| AVAILABLE DATA |
● ● ● ● ● ● ●

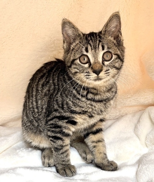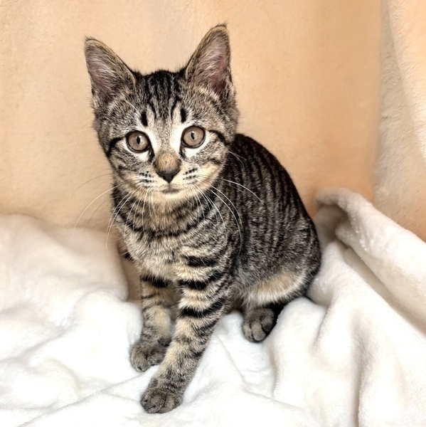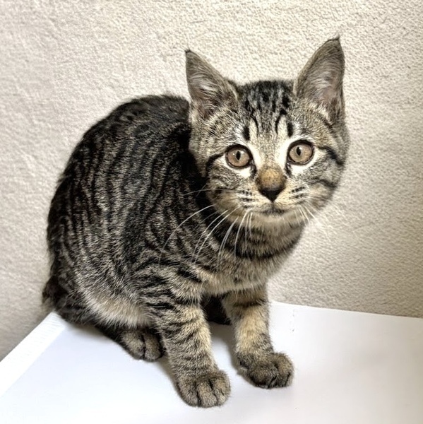 | 特徴(性格など) | 【仮名】モネちゃん 【性格】キジトラ女子のモネちゃん☆ まん丸お目々の可愛子ちゃん♡ 姉妹のモカちゃんとのにゃんプロは圧巻で、 おもちゃの取り合いにも負けていません! まだまだシャイで人馴れ特訓中ですが、 おもちゃやおやつは大好きなので モネちゃんの心を鷲掴みにしてあげてください。 一緒に過ごしているお友達や兄妹とのお迎えをお願い致します。 ※1ピキ譲渡不可 |
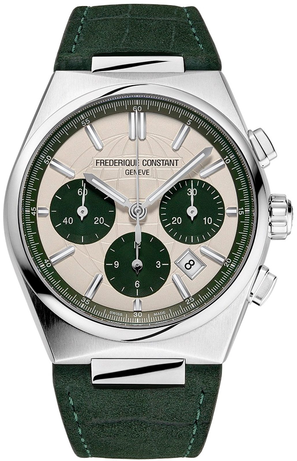 Puzdro hodiniek Frederique Constant FC-391SGR4NH6 je vyrobené z ušľachtilej ocele a je doplnené koženým remienkom. Súčasťou balenia je aj prídavné oceľové ťahadlo. Strojček aj remienok majú rýchloupínacie spony, a preto sa dajú rýchlo a jednoducho vymeniť bez použitia náradia. Vo vnútri puzdra spoľahlivo pracuje švajčiarsky mechanický strojček FC-391 (vychádza z modelu La Joux-Perret Chronographe Manufacture L100) s automatickým naťahovaním. Pracuje s frekvenciou 28 800 polfrekvencií za hodinu a má 26 drahokamov. Tento strojček má funkciu chronografu, t. j. stopiek. Veľká centrálna sekundová ručička slúži ako stopky, na subciferníku na pozícii 9 hodín sa nachádza počítadlo minút, zatiaľ čo subciferník na pozícii 6 hodín slúži ako počítadlo hodín. Za zmienku stojí aj predĺžená rezerva energie 60 hodín. Činnosť strojčeka je možné pozorovať cez priehľadný spúšťací mechanizmus. Na pozícii 4-5 nájdeme praktický ukazovateľ dátumu.
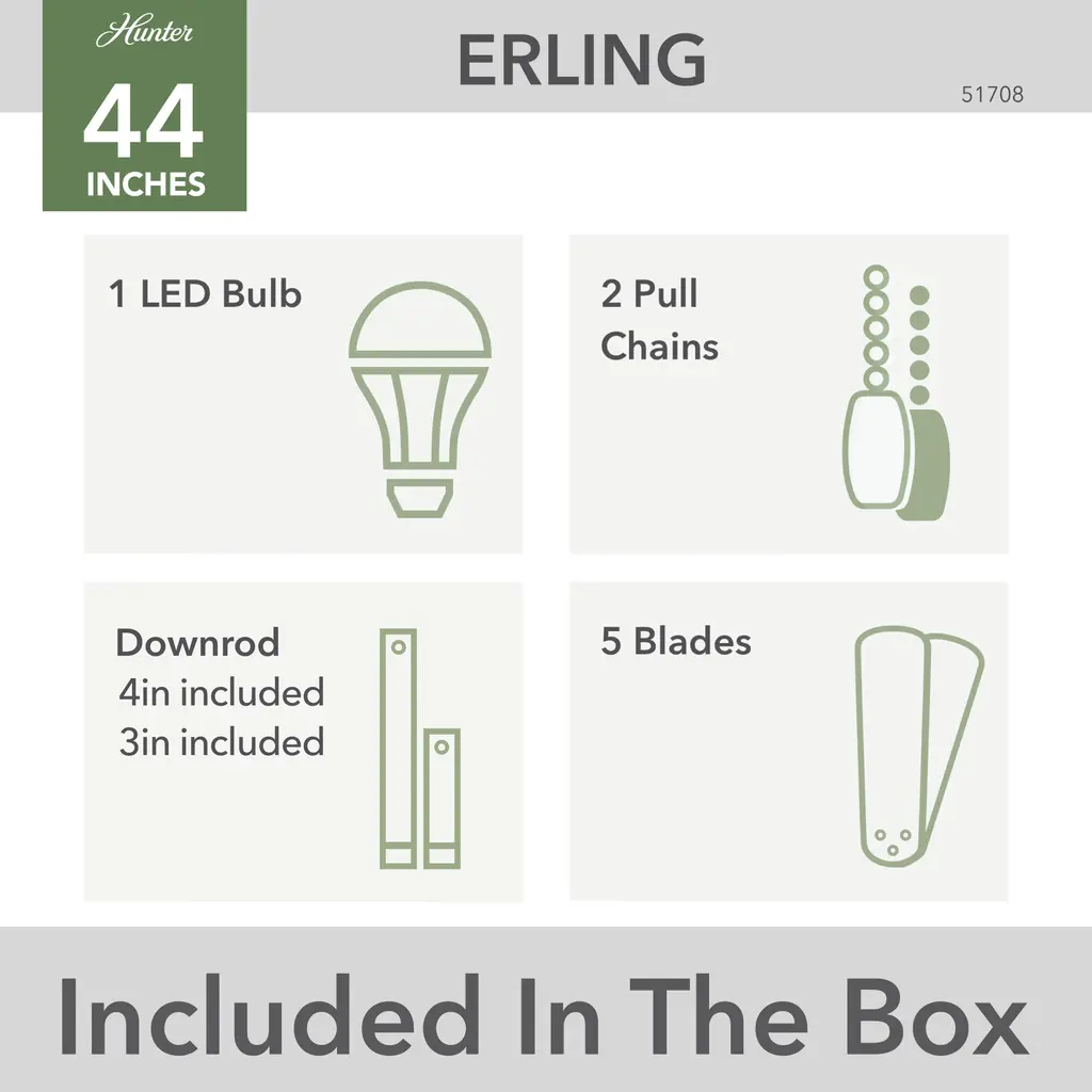 Make a bold statement in Hunter’s Erling ceiling fan with an LED light. Built with Hunter’s SureSpeed® Guarantee, this fan was engineered to deliver optimized airflow to your home’s smaller spaces and could be a perfect match for your mudroom, home office, or foyer. As easy to install as it is to admire, the Erling is a smart choice to stay cool.

● ● ● ● ● ● ●

| WORK REQUIRED |
Repeat the data above in full and exactly. Omit every image.

| REPLY TO THE TASK |
 | 特徴(性格など) | 【仮名】モネちゃん 【性格】キジトラ女子のモネちゃん☆ まん丸お目々の可愛子ちゃん♡ 姉妹のモカちゃんとのにゃんプロは圧巻で、 おもちゃの取り合いにも負けていません! まだまだシャイで人馴れ特訓中ですが、 おもちゃやおやつは大好きなので モネちゃんの心を鷲掴みにしてあげてください。 一緒に過ごしているお友達や兄妹とのお迎えをお願い致します。 ※1ピキ譲渡不可 |
 Puzdro hodiniek Frederique Constant FC-391SGR4NH6 je vyrobené z ušľachtilej ocele a je doplnené koženým remienkom. Súčasťou balenia je aj prídavné oceľové ťahadlo. Strojček aj remienok majú rýchloupínacie spony, a preto sa dajú rýchlo a jednoducho vymeniť bez použitia náradia. Vo vnútri puzdra spoľahlivo pracuje švajčiarsky mechanický strojček FC-391 (vychádza z modelu La Joux-Perret Chronographe Manufacture L100) s automatickým naťahovaním. Pracuje s frekvenciou 28 800 polfrekvencií za hodinu a má 26 drahokamov. Tento strojček má funkciu chronografu, t. j. stopiek. Veľká centrálna sekundová ručička slúži ako stopky, na subciferníku na pozícii 9 hodín sa nachádza počítadlo minút, zatiaľ čo subciferník na pozícii 6 hodín slúži ako počítadlo hodín. Za zmienku stojí aj predĺžená rezerva energie 60 hodín. Činnosť strojčeka je možné pozorovať cez priehľadný spúšťací mechanizmus. Na pozícii 4-5 nájdeme praktický ukazovateľ dátumu.
 Make a bold statement in Hunter’s Erling ceiling fan with an LED light. Built with Hunter’s SureSpeed® Guarantee, this fan was engineered to deliver optimized airflow to your home’s smaller spaces and could be a perfect match for your mudroom, home office, or foyer. As easy to install as it is to admire, the Erling is a smart choice to stay cool.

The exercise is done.